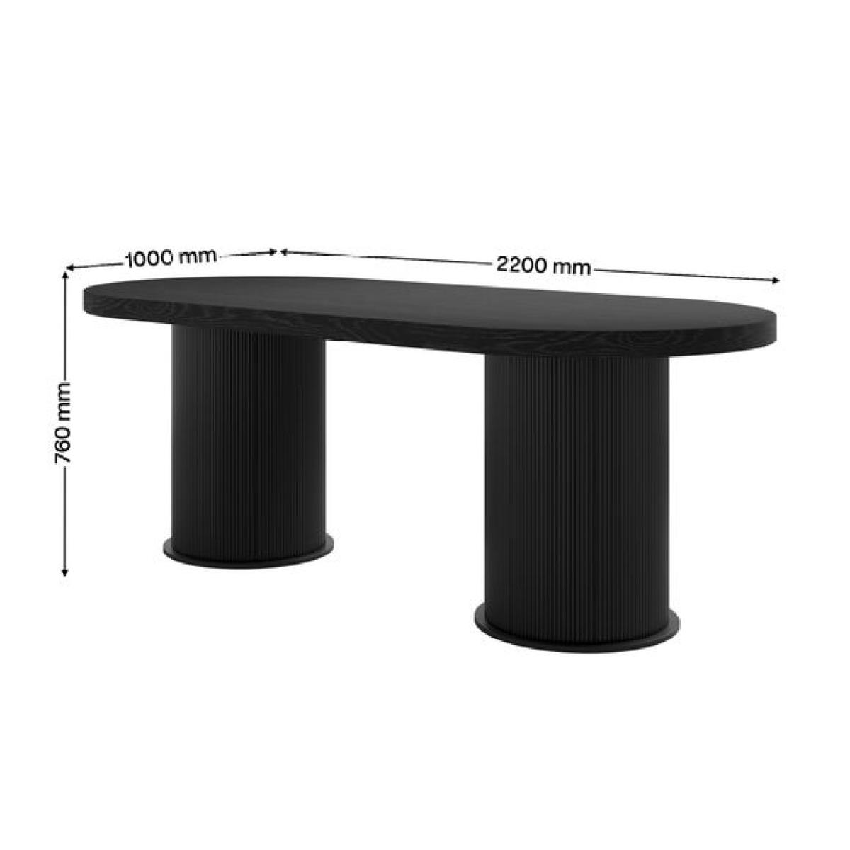 * Modern Look & Design * Made from Engineered Wood * Matt Black Finish * Comfortably Seats 6 People * Please Note: Dining Table Only - Chairs Not Included Striking yet simple, the Rina 6 Seater Dining Table blends modern design with bold character. Its smooth curved surface rests on a sculptural cylindrical base, all finished in a matt black grain that adds depth and texture. Comfortably seating six, it's the perfect centrepiece for everything from casual dinners to special occasions!
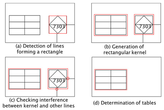 The method to recognize a table in a P&ID is presented in Figure 11. The first step is to identify the line combinations that form a table based on the same starting and ending points of those lines when connected in the vertical and horizontal directions (Figure 11a). The second step is to generate a rectangular kernel with the identified line combinations, setting the line thickness to three times the thickness of the P&ID lines (Figure 11b) and checking whether there are lines protruding from the generated kernel and connected to other elements in the diagram (Figure 11c). Lastly, the identified line combination with no line connected to any outside element is defined as a table (Figure 11d).
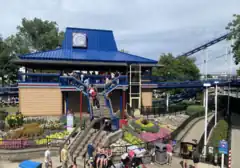 The ride's station is located on the midway next to Super Himalaya and near Power Tower. It was the first coaster to have inversions featuring a walkway underneath.
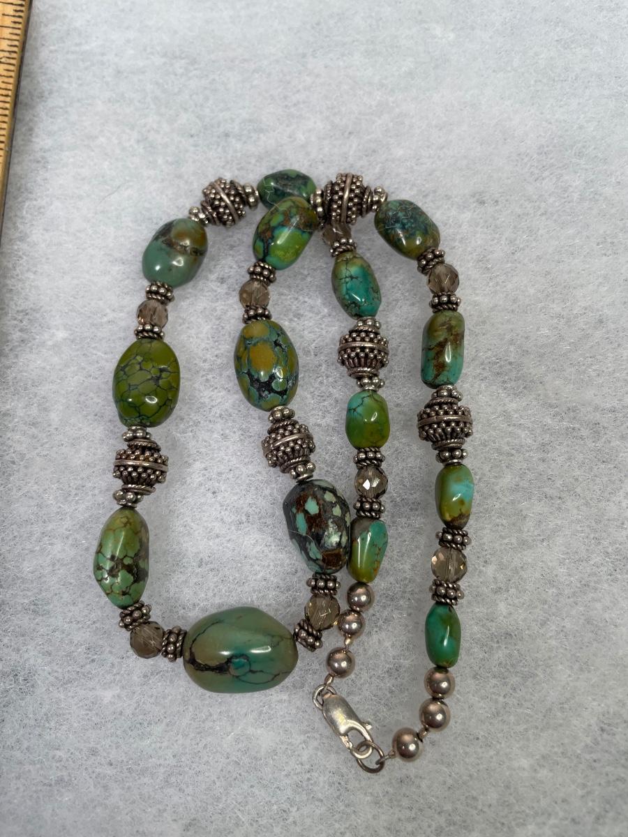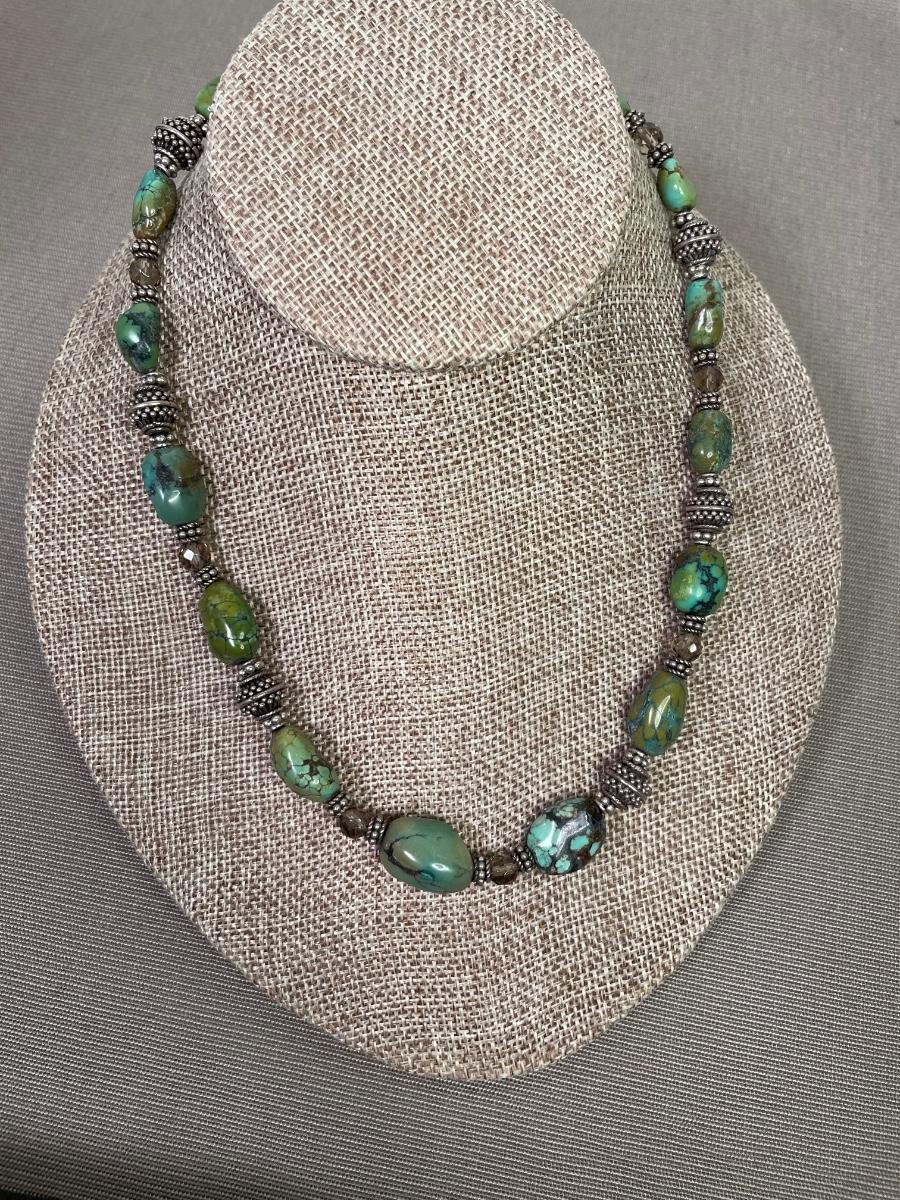 Turquoise, Smoky Quartz and Sterling beaded Necklace
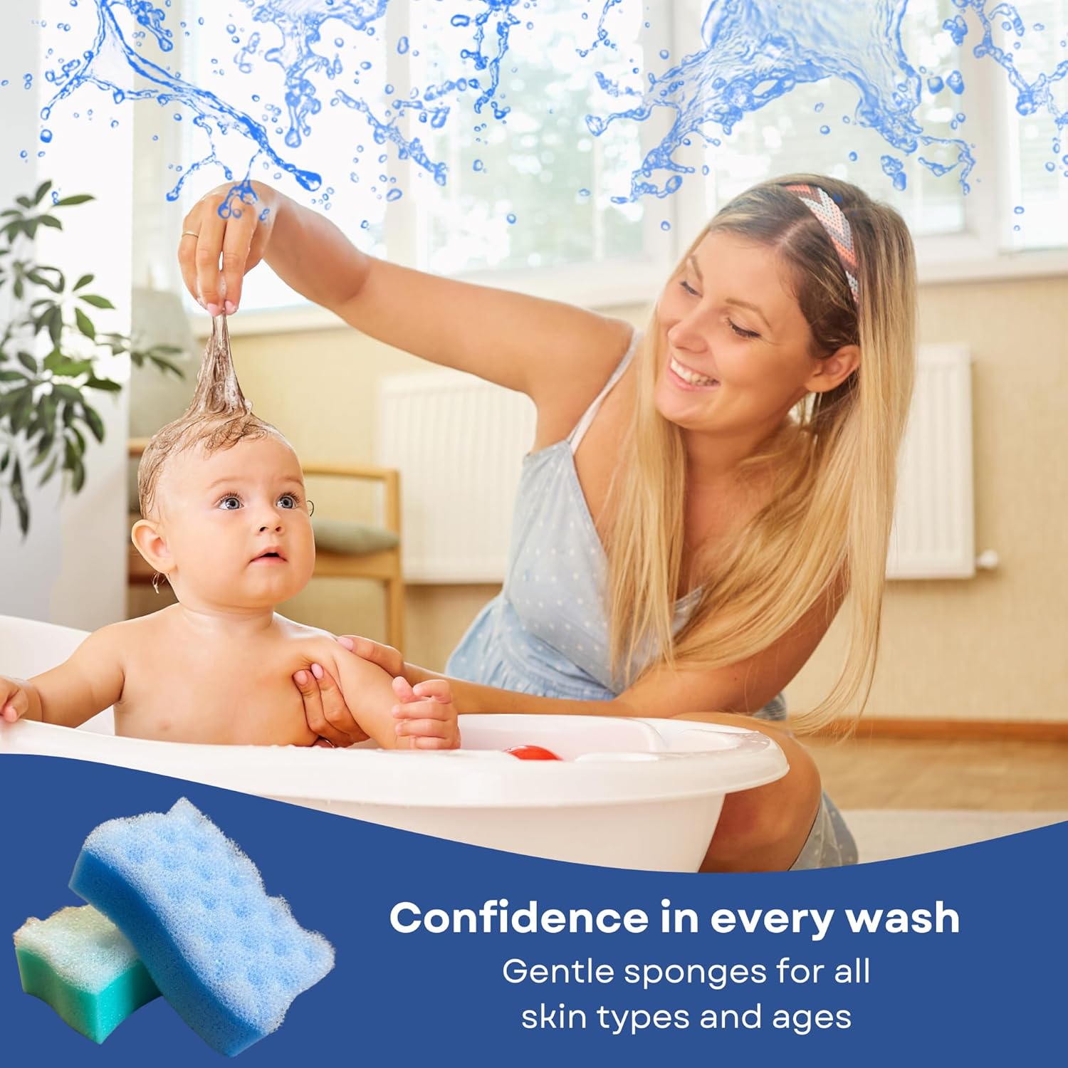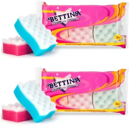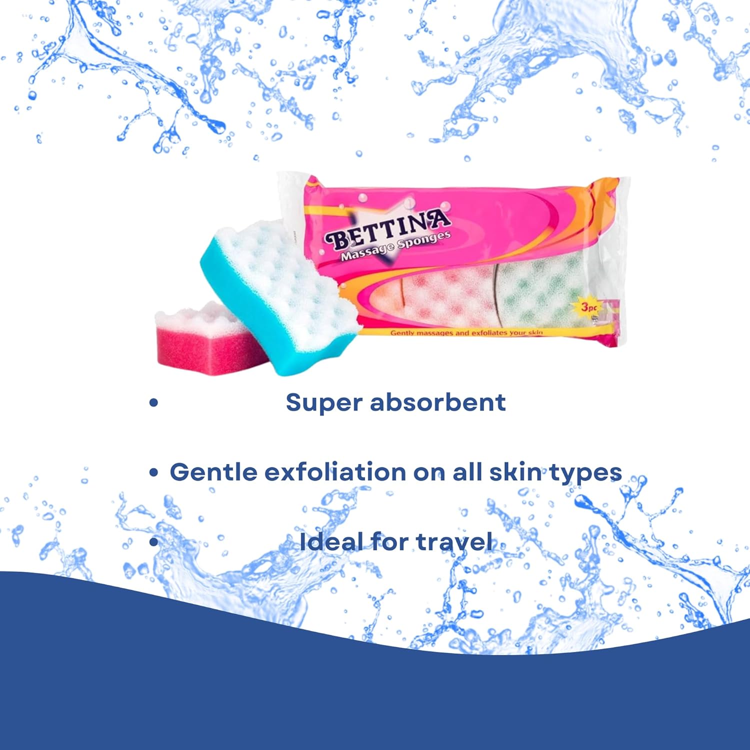 6 x Exfoliating Bath Sponge for Adults and Kids, 2 Packs of 3 Massage Sponges for Men and Women, Mixed Colours
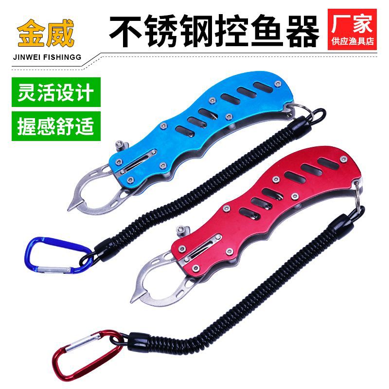 アルミ合金製魚制御器路亜鉗子魚口鉗子路亜釣り鉗子制御魚鉗子箱に弾力ロープ付き魚クリップ器が入っている
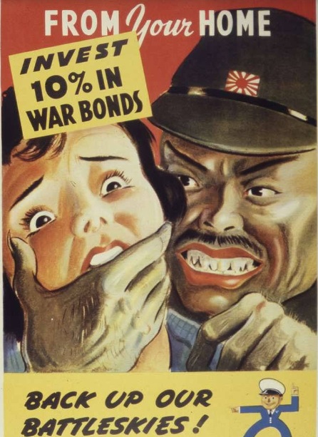 右圖   將日本人描繪成強姦犯,視覺焦點是日本軍閥,其猙獰面部令人產生恐懼和厭惡的情緒。相對比,那位無助的女性,驚恐脆弱,更加劇了大家對日本人的仇恨。日本士兵膚色蠟黃, 將被強暴的女孩膚色白皙。明暗對比似乎總象徵善 與惡。這張海報是鼓勵美國人踴躍購買戰爭債券。
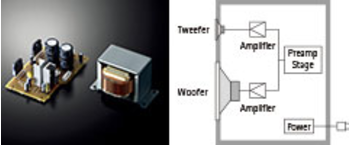 The power amplifier component, critical to powered speakers, utilizes a discrete configuration analog amplifier. It produces strong, expansive sound, all in a bi-amp system featuring a 45W woofer and 25W tweeter. By directly driving each unit individually, it produces powerful sound while maintaining the feeling of high S/N ratio.
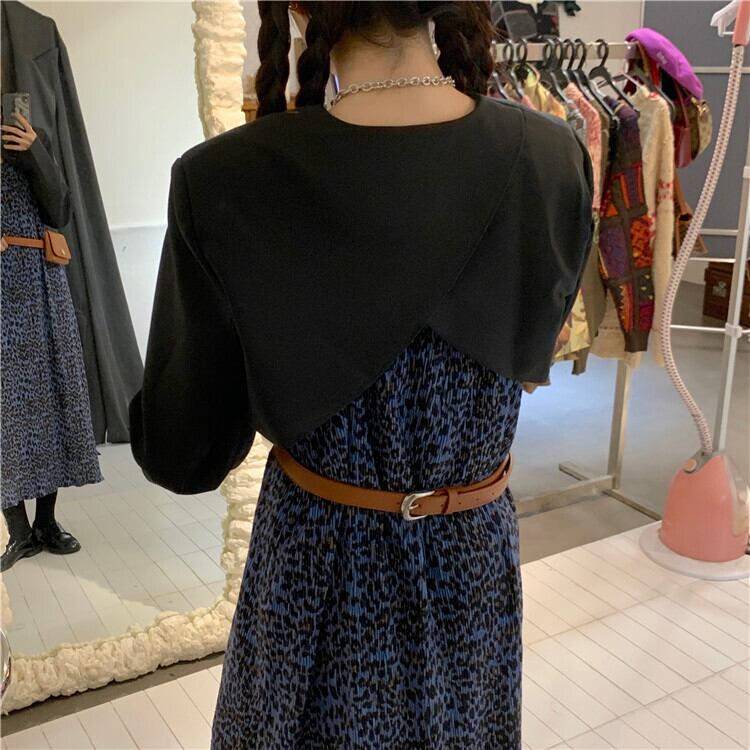 スプリングショートブラックジャケット ロングレオパードプリント柄スカート レッド 春物 クレセントシティ68726110144
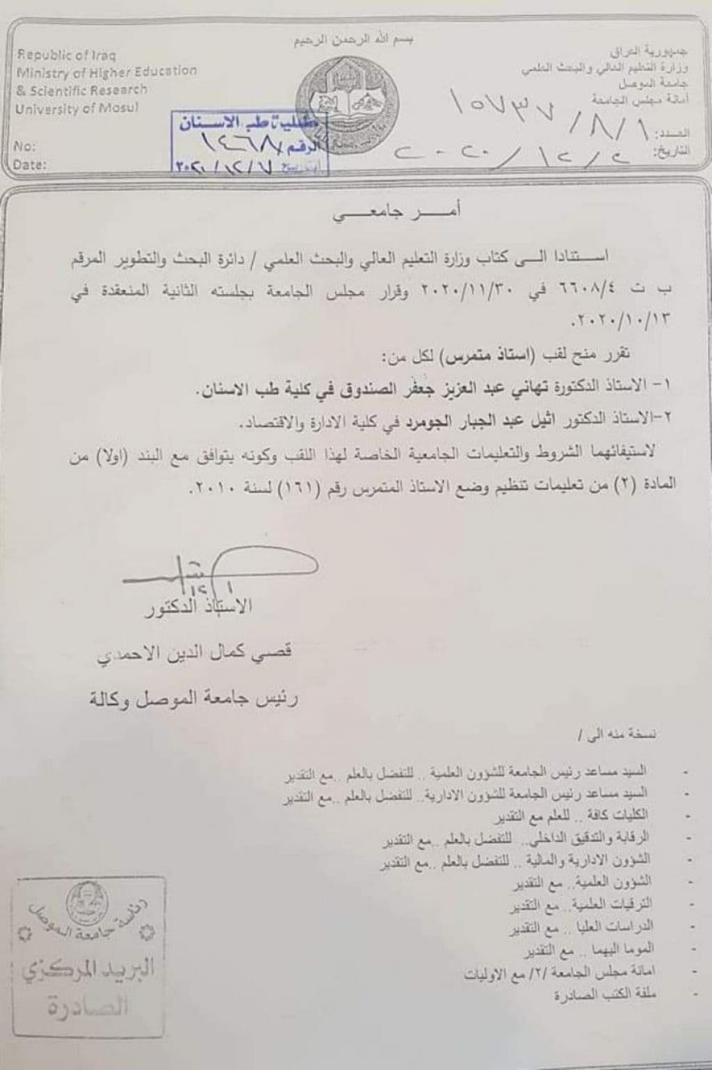 يتقدم السيد عميد كلية طب الأسنان الأستاذ المساعد الدكتور ريان سالم حامد و نيابة عن تدريسيي و منتسبي الكلية بأحر التهاني وأصدق التبريكات لعَلَم الكلية الكبير أ. د. تهاني عبد العزيز جعفر الصندوق بمناسبة حصولها على لقب الأستاذ المتمرس بعد أن أُحيلت على التقاعد، تثميناً لجهودها المبذولة سابقاً في كليتنا. سائلا الله العلي القدير لها بالتوفيق والسداد و بمزيد من الإزدهار في عملها خدمة لجامعتنا ولكليتنا. ومن الله التوفيق.
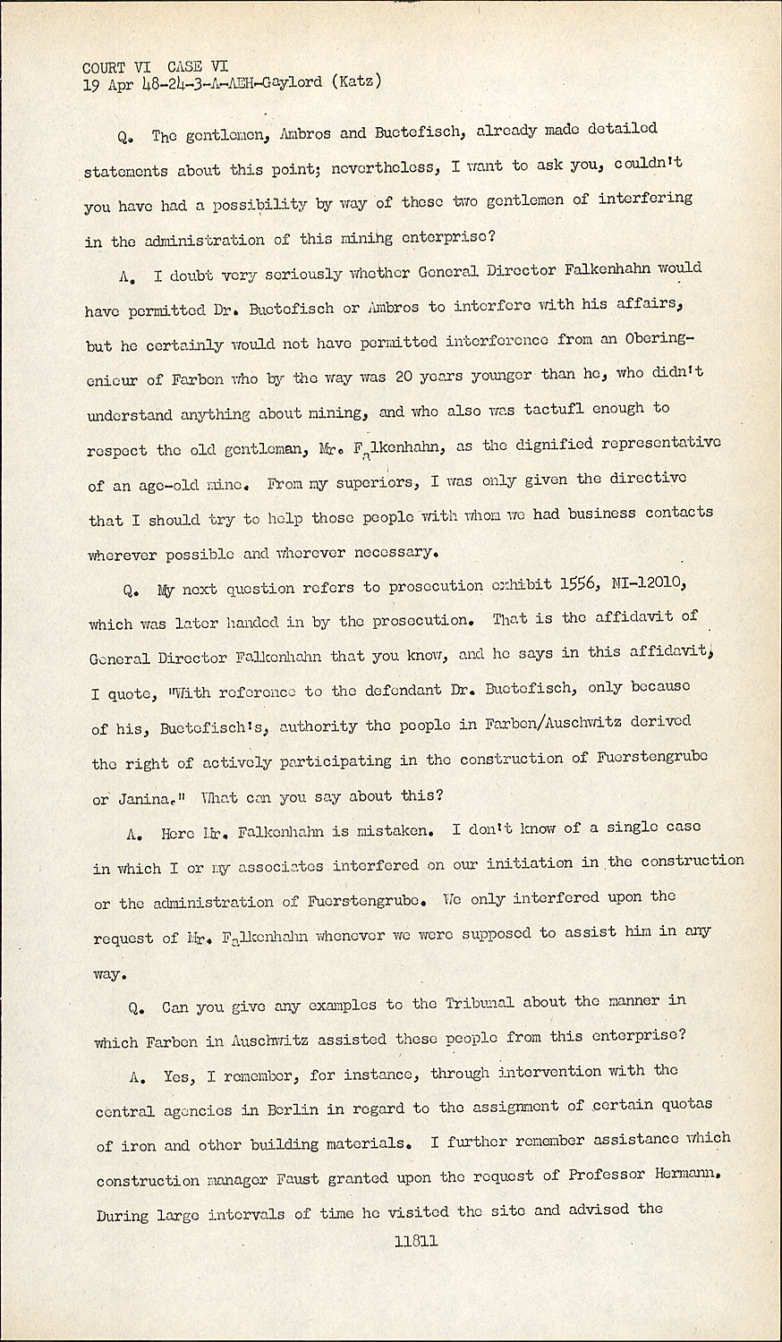 Q.Can you give any examples to the Tribunal about the manner in which Farben in Auschwitz assisted these people from this enterprise?
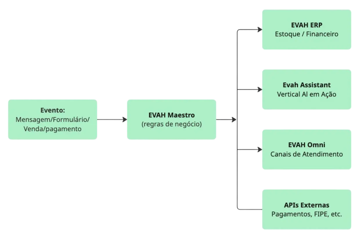 - EVAH Maestro (caixa central com “Regras de Negócio + Automação”) →

====

## TASK OBJECTIVE
Leaving pictures out, output the lines of the data above from the one with "6 x Exfoliating" through the one with "アルミ合金製魚制御器路亜鉗子", word for word.

## YOUR SOLUTION
 6 x Exfoliating Bath Sponge for Adults and Kids, 2 Packs of 3 Massage Sponges for Men and Women, Mixed Colours
 アルミ合金製魚制御器路亜鉗子魚口鉗子路亜釣り鉗子制御魚鉗子箱に弾力ロープ付き魚クリップ器が入っている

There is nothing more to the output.